*Exercise requirements*: Please return the records below exactly as they stand, with the pictures removed.

*Dataset records*:

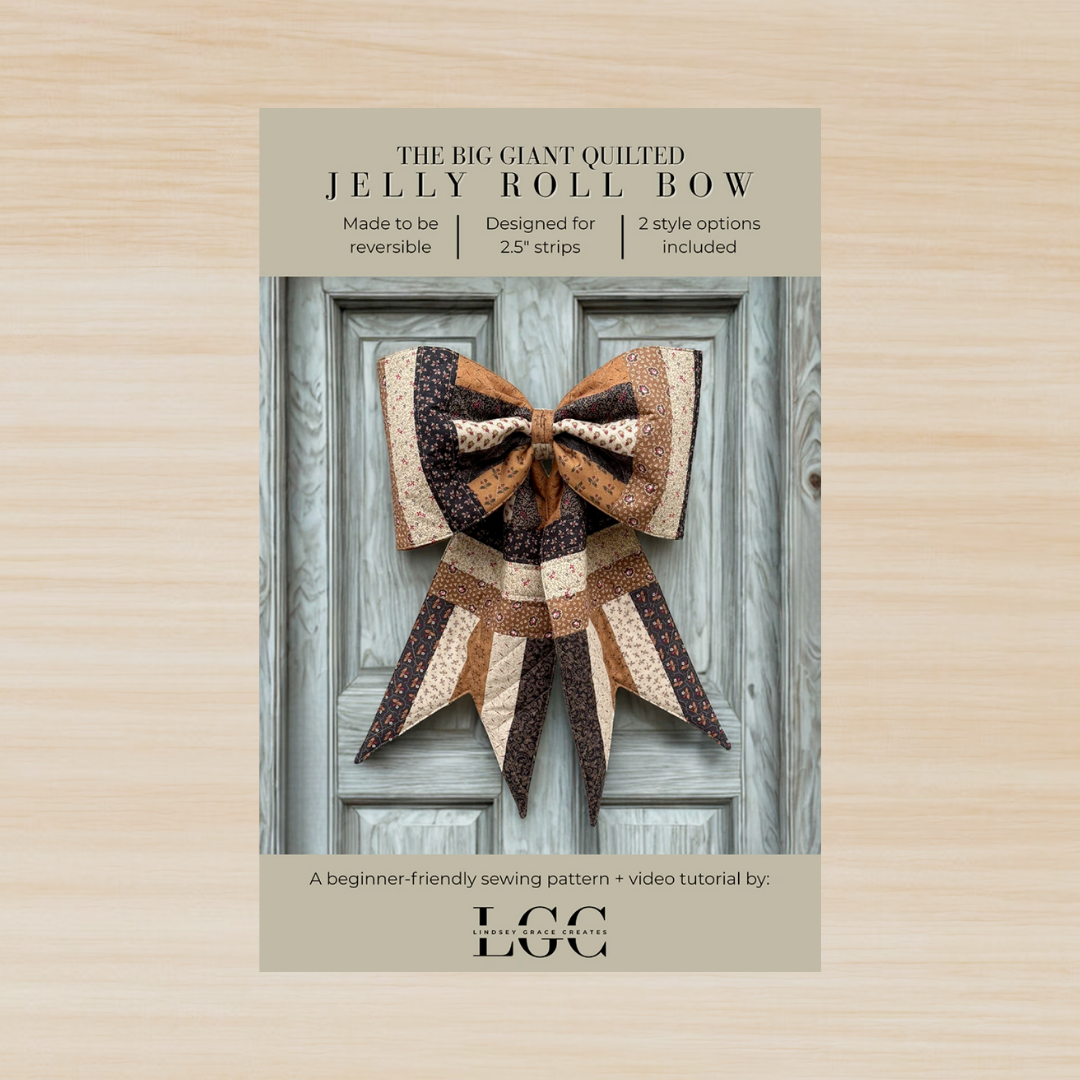 Make a statement with The Big Giant Quilted Jelly Roll Bow — a new take on the original and best-selling quilted bow pattern by Lindsey Grace Creates. This beginner-friendly pattern walks you step-by-step through creating a stunning oversized bow that’s perfect for holiday décor, wreaths, gifts, photo props, nursery accents, or sewing room wall art.
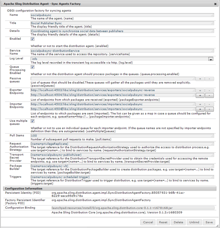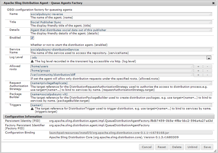Apache Sling Distribution Agent - Sync Agents Factory-
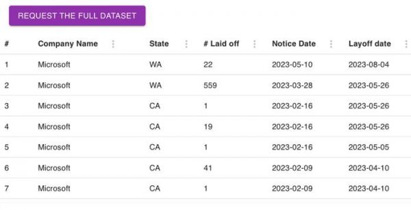 ▲ 图源网站 WARN 根据网站 WARN 统计,今年上半年微软加州已陆续裁去少量员工,3 月到 7 月累积约 100 人。华盛顿州上半年总计则裁了将近 1300 名员工,而今年上半年 Meta 也在加州裁员数十名。
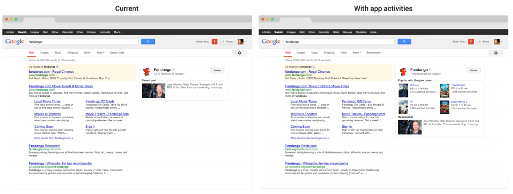 Google setzt seine Strategie konsequent fort und lässt Google+ und die Suche weiter miteinander verschmelzen. Bisher wurden Google+ Accounts und Beiträge von Kontakten in der sozialen Suche angezeigt und jetzt in ein paar Wochen kommen Aktivitäten von Apps mit dazu.
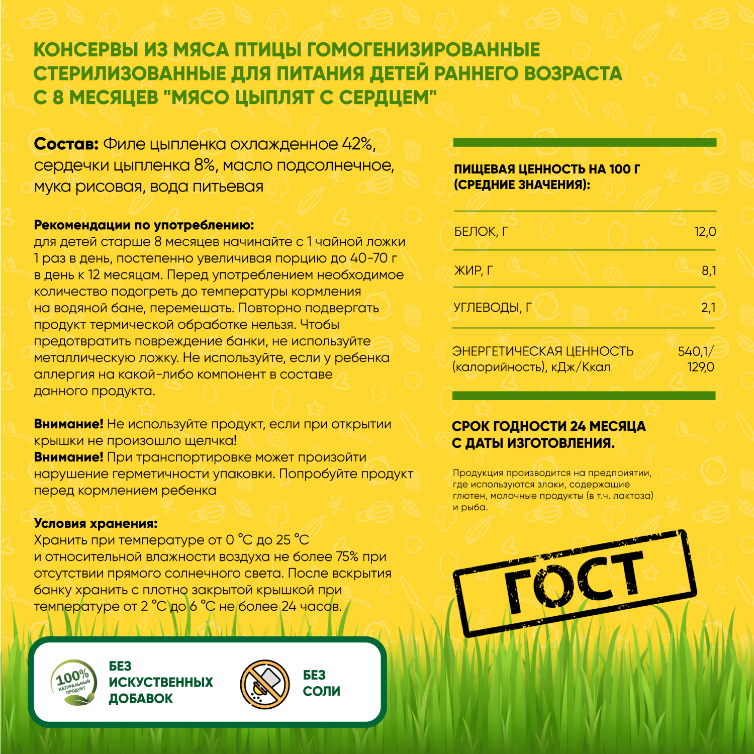 Пюре Егор Иваныч Цыпленок с сердечками, с 8 месяцев , 12 шт.
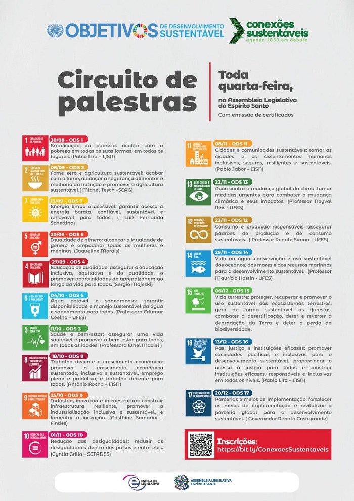 - 20/12 – ODS 17 – Parcerias e meios de implementação: fortalecer os meios de implementação e revitalizar a parceria global para o desenvolvimento sustentável (Palestrante: Renato Casagrande – governador do Estado)
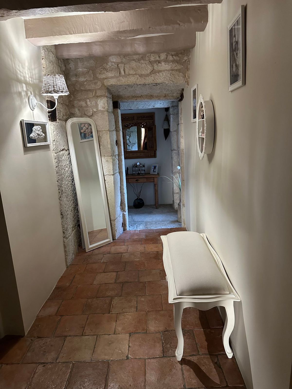 La chambre Quercynoise reflète l’authenticité du Quercy avec ses pierres typiques, ses poutres apparentes et ses tons vert .Une atmosphère régionale chaleureuse pour un séjour plein de caractère
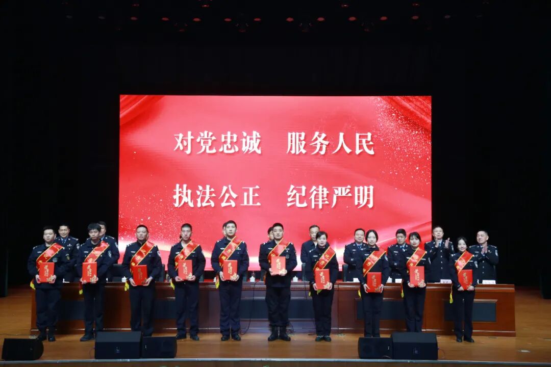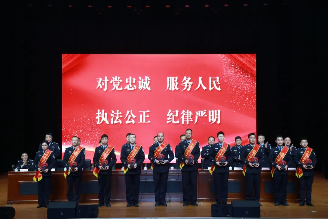 会议隆重表彰了2023年度成绩突出的10个先进集体、41名先进个人、50名优秀辅警和10个警务创新成果及精品案件,出席会议的领导为受表彰代表进行了现场授奖。
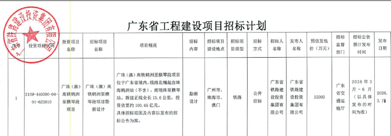 南珠(中)城际珠海段暂缓,现在广珠澳高铁珠海鹤洲至横琴段要来真格了! 1.南珠(中)城际,本来是想让广州(南沙)、中山、珠海三地通勤像坐地铁一样方便,目前南沙段大部分已经建成,中山段多座车站封顶,进度正常推进中,唯一的变数就是珠海段。 珠海段设站过密(规划10个车站)投资拉大,又因沿线楼盘居民担心噪音,环评不过,方案改来改去,一直定不下来。去年国家严格控制地方债务,与广珠城际平行的南珠(中)城际珠海段被打入冷宫,失去了最佳的开工时机。 2.广珠澳高铁则不一样,由广东与国铁集团推进,是带着“国家任务”来的。它的首要目标是将澳门、横琴拉进全国350公里/小时的高铁大网,是打通大湾区西岸交通瓶颈的战略工程。 据统计2025年横琴口岸出入境旅客超3034万人次,增长33%,单日客流纪录最高峰值达12.8万人次,如果能接入全国高铁网,对庞大的人流疏散有极大的促进作用。 本次勘探的线路是珠海鹤洲至横琴段,约15.6公里。
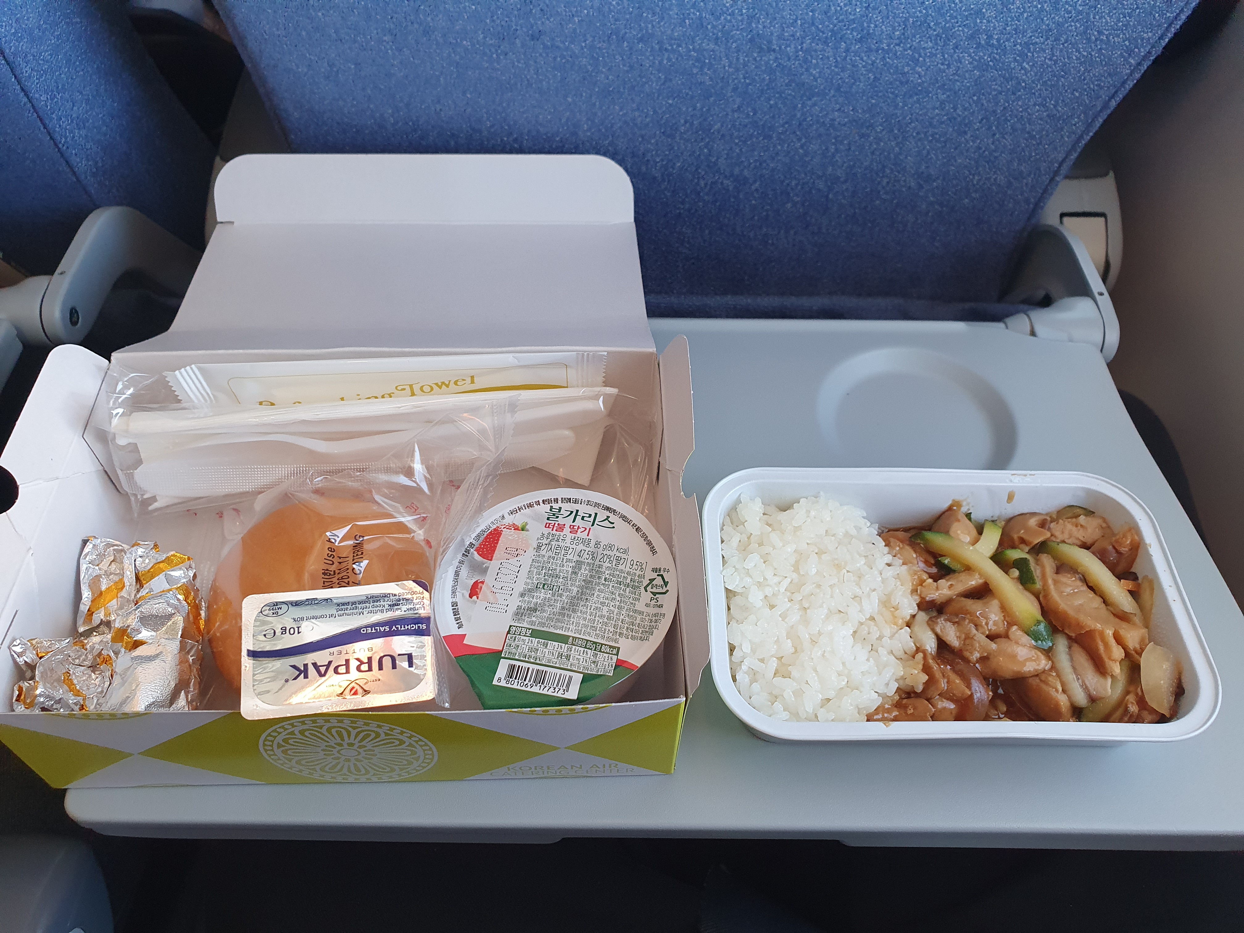 부산에서 북경가는 짧은 노선에도 기내식이 나온다.
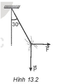 Một con nhện đang treo mình dưới một sợi tơ theo phương thẳng đứng thì bị một cơn gió thổi theo phương ngang làm dây treo lệch đi so với phương thẳng đứng một góc 30°. Biết trọng lượng của con nhện là P = 0,1 N. Xác định độ lớn của lực mà gió tác dụng lên con nhện ở vị trí cân bằng trong Hình 13.2.
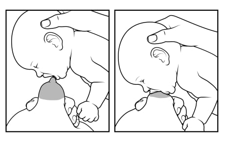 Touch your baby's lower lip with your nipple. Wait until your baby's mouth opens wide. Bring your baby quickly to your breast, and guide your breast into their mouth.
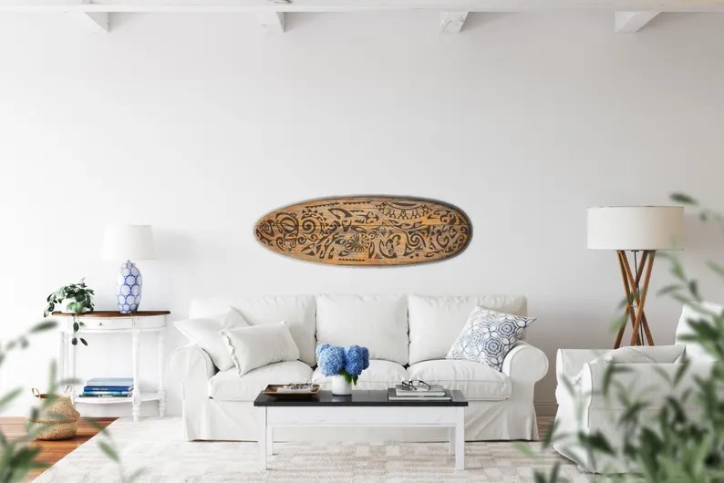 Surfboard-shape wall led light with maori pattern
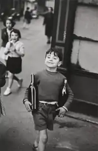 The picture is one of the best known of the artist and is named from the street where the event was caught on camera. It was taken candidly in the Rue Mouffetard, in Paris, and it exemplifies what he described as the decisive moment. The picture is also one of the best examples of the genre of street photography, which was cultivated by the author.[1] The atmosphere of the photograph is very light-hearted. It depicts a young smiling child, named Michel Gabriel, carrying two bottles of wine. Behind him, at the left, the blurred image shows two girls that watch him amused. Two adult women, also blurred, are seen at the bottom left, of those only one is looking at the scene.[2][3]
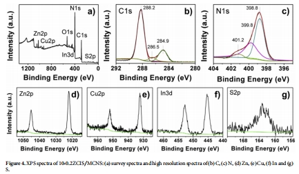 數據:高分辨率光譜顯示C 1s(288.2 eV)、N 1s(398.8 eV)、Zn 2p(1022.0 eV)、Cu 2p(932.3 eV)、In 3d(445.3 eV)、S 2p(163.3 eV)的特征峰。
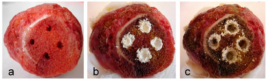 Femur head (a) with drilled holes infected with bacteria; (b) filled with a peptide blended with local carrier (ChronOS Inject), local carrier alone, and local carrier loaded with antibiotic; (c) after removal of the fillings (representative example).
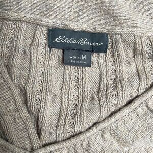 Eddie Bauer Cable Knit V-neck Sweater. Size Medium. Color: Oatmeal
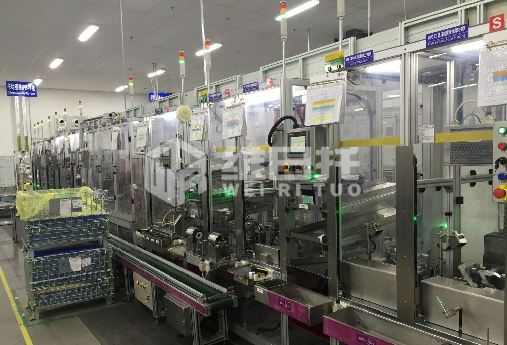 盤式制動器總成:集成了防塵板壓裝、軸承壓裝、輪轂壓裝、輪轂螺栓壓裝、跳動檢測、拖滯力測試、氣密性檢測等??膳c工廠MES生產(chǎn)管理系統(tǒng)對接。 制動鉗總成裝配檢測線:集成汽車前制動鉗總成裝配、主要包括:鉗體自動吹掃、放氣螺釘擰緊,密封圈裝配及檢查,防塵套裝配,活塞組件裝配,活塞滑陰檢測,高低壓氣密性檢測,超高壓氣密性檢測,支架組件裝配(除塵、注脂、裝軸銷套),彈簧片裝配,制動塊裝配,鉗總成預(yù)連接,軸銷螺栓擰緊,鉗總成滑阻檢測、輪轂檢測等。 前懸架總成:此線集成了:盤器組裝、測試。

*Written solution*:
 Make a statement with The Big Giant Quilted Jelly Roll Bow — a new take on the original and best-selling quilted bow pattern by Lindsey Grace Creates. This beginner-friendly pattern walks you step-by-step through creating a stunning oversized bow that’s perfect for holiday décor, wreaths, gifts, photo props, nursery accents, or sewing room wall art.
Apache Sling Distribution Agent - Sync Agents Factory-
 ▲ 图源网站 WARN 根据网站 WARN 统计,今年上半年微软加州已陆续裁去少量员工,3 月到 7 月累积约 100 人。华盛顿州上半年总计则裁了将近 1300 名员工,而今年上半年 Meta 也在加州裁员数十名。
 Google setzt seine Strategie konsequent fort und lässt Google+ und die Suche weiter miteinander verschmelzen. Bisher wurden Google+ Accounts und Beiträge von Kontakten in der sozialen Suche angezeigt und jetzt in ein paar Wochen kommen Aktivitäten von Apps mit dazu.
 Пюре Егор Иваныч Цыпленок с сердечками, с 8 месяцев , 12 шт.
 - 20/12 – ODS 17 – Parcerias e meios de implementação: fortalecer os meios de implementação e revitalizar a parceria global para o desenvolvimento sustentável (Palestrante: Renato Casagrande – governador do Estado)
 La chambre Quercynoise reflète l’authenticité du Quercy avec ses pierres typiques, ses poutres apparentes et ses tons vert .Une atmosphère régionale chaleureuse pour un séjour plein de caractère
 会议隆重表彰了2023年度成绩突出的10个先进集体、41名先进个人、50名优秀辅警和10个警务创新成果及精品案件,出席会议的领导为受表彰代表进行了现场授奖。
 南珠(中)城际珠海段暂缓,现在广珠澳高铁珠海鹤洲至横琴段要来真格了! 1.南珠(中)城际,本来是想让广州(南沙)、中山、珠海三地通勤像坐地铁一样方便,目前南沙段大部分已经建成,中山段多座车站封顶,进度正常推进中,唯一的变数就是珠海段。 珠海段设站过密(规划10个车站)投资拉大,又因沿线楼盘居民担心噪音,环评不过,方案改来改去,一直定不下来。去年国家严格控制地方债务,与广珠城际平行的南珠(中)城际珠海段被打入冷宫,失去了最佳的开工时机。 2.广珠澳高铁则不一样,由广东与国铁集团推进,是带着“国家任务”来的。它的首要目标是将澳门、横琴拉进全国350公里/小时的高铁大网,是打通大湾区西岸交通瓶颈的战略工程。 据统计2025年横琴口岸出入境旅客超3034万人次,增长33%,单日客流纪录最高峰值达12.8万人次,如果能接入全国高铁网,对庞大的人流疏散有极大的促进作用。 本次勘探的线路是珠海鹤洲至横琴段,约15.6公里。
 부산에서 북경가는 짧은 노선에도 기내식이 나온다.
 Một con nhện đang treo mình dưới một sợi tơ theo phương thẳng đứng thì bị một cơn gió thổi theo phương ngang làm dây treo lệch đi so với phương thẳng đứng một góc 30°. Biết trọng lượng của con nhện là P = 0,1 N. Xác định độ lớn của lực mà gió tác dụng lên con nhện ở vị trí cân bằng trong Hình 13.2.
 Touch your baby's lower lip with your nipple. Wait until your baby's mouth opens wide. Bring your baby quickly to your breast, and guide your breast into their mouth.
 Surfboard-shape wall led light with maori pattern
 The picture is one of the best known of the artist and is named from the street where the event was caught on camera. It was taken candidly in the Rue Mouffetard, in Paris, and it exemplifies what he described as the decisive moment. The picture is also one of the best examples of the genre of street photography, which was cultivated by the author.[1] The atmosphere of the photograph is very light-hearted. It depicts a young smiling child, named Michel Gabriel, carrying two bottles of wine. Behind him, at the left, the blurred image shows two girls that watch him amused. Two adult women, also blurred, are seen at the bottom left, of those only one is looking at the scene.[2][3]
 數據:高分辨率光譜顯示C 1s(288.2 eV)、N 1s(398.8 eV)、Zn 2p(1022.0 eV)、Cu 2p(932.3 eV)、In 3d(445.3 eV)、S 2p(163.3 eV)的特征峰。
 Femur head (a) with drilled holes infected with bacteria; (b) filled with a peptide blended with local carrier (ChronOS Inject), local carrier alone, and local carrier loaded with antibiotic; (c) after removal of the fillings (representative example).
 Eddie Bauer Cable Knit V-neck Sweater. Size Medium. Color: Oatmeal
 盤式制動器總成:集成了防塵板壓裝、軸承壓裝、輪轂壓裝、輪轂螺栓壓裝、跳動檢測、拖滯力測試、氣密性檢測等??膳c工廠MES生產(chǎn)管理系統(tǒng)對接。 制動鉗總成裝配檢測線:集成汽車前制動鉗總成裝配、主要包括:鉗體自動吹掃、放氣螺釘擰緊,密封圈裝配及檢查,防塵套裝配,活塞組件裝配,活塞滑陰檢測,高低壓氣密性檢測,超高壓氣密性檢測,支架組件裝配(除塵、注脂、裝軸銷套),彈簧片裝配,制動塊裝配,鉗總成預(yù)連接,軸銷螺栓擰緊,鉗總成滑阻檢測、輪轂檢測等。 前懸架總成:此線集成了:盤器組裝、測試。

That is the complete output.